Let us suppose that $G_1\cap G_2=\{0\}$ and $G_1+G_2=G$. Let us define a map, $f:G\to G_1,g=g_1+g_2\mapsto g_1$. Then, $f{|}_{G_1}:g_1\mapsto g_1$, an identical map. Is $f$ a group homomorphism? For any $g,h\in G$, $g=g_1+g_2$ and $h=h_1+h_2$, $f(g+h)=f(g_1+g_2+h_1+h_2)=f(g_1+h_1+g_2+h_2)=g_1+h_1=f(g_1+g_2)+f(h_1+h_2)=f(g)+f(h)$, so, yes. So, $f$ is a retraction and $G_1$ is a retract of $G$.

Let us suppose that $G_1$ is a retract of $G$ by a group homomorphism, $f:G\to G_1$. Let us define $G_2$ as $\{g_2\in G|f(g_2)=0\}$. Is $G_2$ a group? For any $g_2\in G_2$, $0=f(0)=f(g_2-g_2)=f(g_2)+f(-g_2)=f(-g_2)$ where $f(0)=0$ because $0\in G_1$, so, $-g_2\in G_2$. For any $g_2,h_2\in G_2$, $f(g_2+h_2)=f(g_2)+f(h_2)=0$, so, $g_2+h_2\in G_2$. So, $G_2$ is indeed a group. $G=G_1+G_2$? For any $g\in G$, $g=f(g)+g-f(g)$, $f(g-f(g))=f(g)+f(-f(g))=f(g)-f(g)=0$ where $f(-f(g))=-f(g)$ because $-f(g)\in G_1$, so, $g=g_1+g_2$ where $g_1=f(g)\in G_1$ and $g_2=g-f(g)\in G_2$. Is the division unique?

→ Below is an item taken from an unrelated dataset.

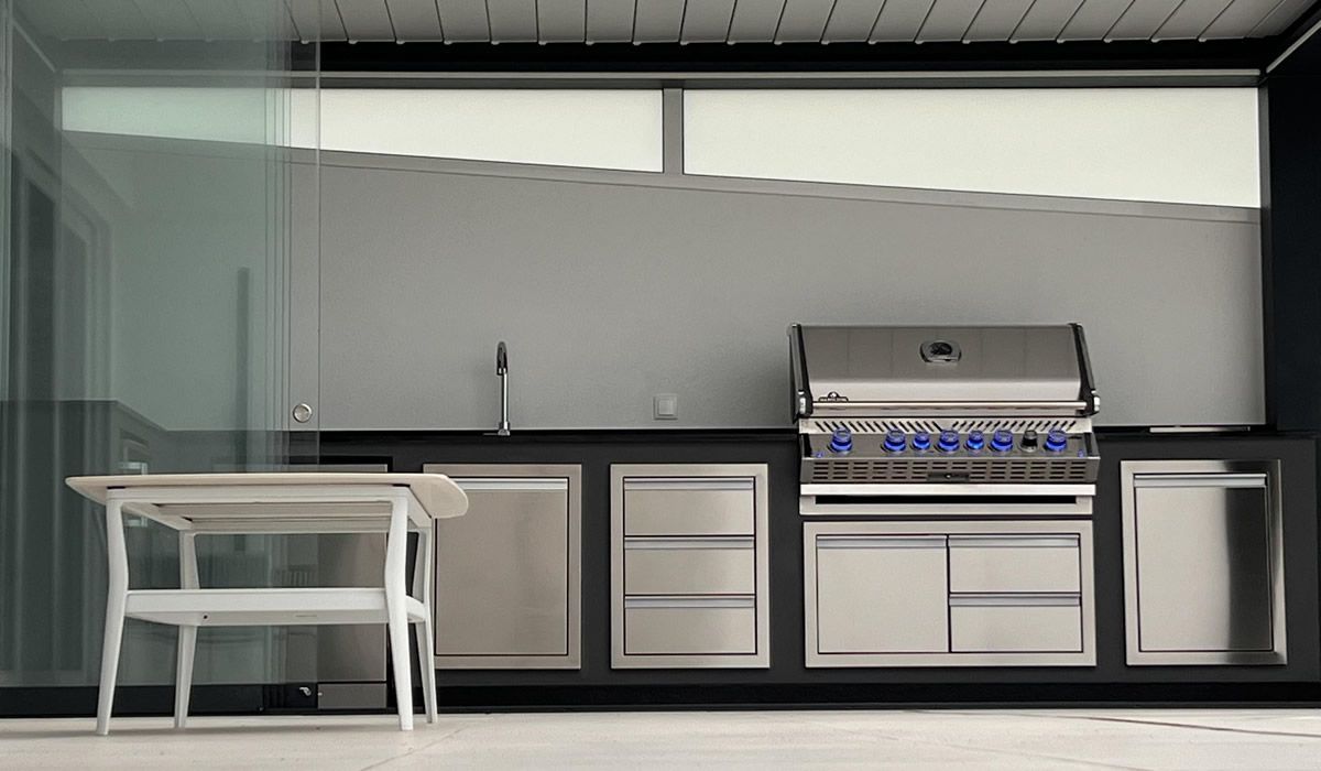 Somos especialistas na conceção e execução de cozinhas de exterior por medida, onde cada detalhe é pensado para oferecer desempenho, durabilidade e uma experiência de utilização superior. Integramos grelhadores, módulos de arrumação, fornos de pizza, queimadores laterais, frigoríficos de exterior e todos os equipamentos necessários para transformar o seu espaço num verdadeiro centro de convívio.

Let us suppose that $g=g_1+g_2=h_1+h_2$. $f(g)=f(g_1)+f(g_2)=g_1=f(h_1)+f(h_2)=h_1$; $g_2=g-g_1=g-h_1=h_2$, so, unique. $G_1\cap G_2=\{0\}$, because for any $0\ne g_1\in G_1$, $f(g_1)=g_1\ne 0$, so, $g_1\notin G_2$.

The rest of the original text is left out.